Each option has its advantages and disadvantages. In short:
- An ERP solution offers you a fully integrated solution, with no interfaces to maintain and technological updates as you upgrade to new versions. Also, you enjoy best-practices for most processes that are already implemented for you into the solution based on knowledge of many other businesses like yours.
On the downside, you are usually locked with a single vendor for a long period of time, you may not receive 100% of your requirements in all areas and it may be a costly up-front investment for the on-premise implementation.
- Best of breed allows you to better fine-tune for every department both from a functionality perspective and price negotiation perspective. You may break your investments over time, as you gradually buy the different solutions.
On the downside, you build islands of data, a mix of technologies and skill-sets required, that have also a cultural impact and influence cooperation and spirit across your company teams. You typically start investing in interfaces between all disparate systems, a practice that locks you down on two measures: lack of flexibility to accommodate business changes and high costs to maintain those interfaces.
- Tailored solutions offer a 100% match to your current and anticipated needs and may seem to require a lower investment up-front.

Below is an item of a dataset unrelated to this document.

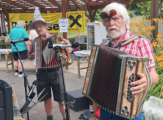 Bezirksvorsitzende Justina Bauer begrüßte alle Teilnehmer und wurde dabei durch unser Duo Gerhard und Leo musikalisch unterstützt.

You have flexibility in selecting your partner (developer) and perhaps the technologies used.
On the downside, over time the solution does not keep up with technological advancements, business/regulatory changes, and require further investments in updating the software. You may also be locked with that developer partner (depends).
As this decision has significant implications on your business, up to being a show-stopper on one end, and a business growth engine on the other, I highly recommend to have an experienced, unbiased consultant helping you reach the best decision for you. Typically, an ERP is the way to go for most businesses today, if you find an ERP that meets 80% or more of your requirements from a credible vendor.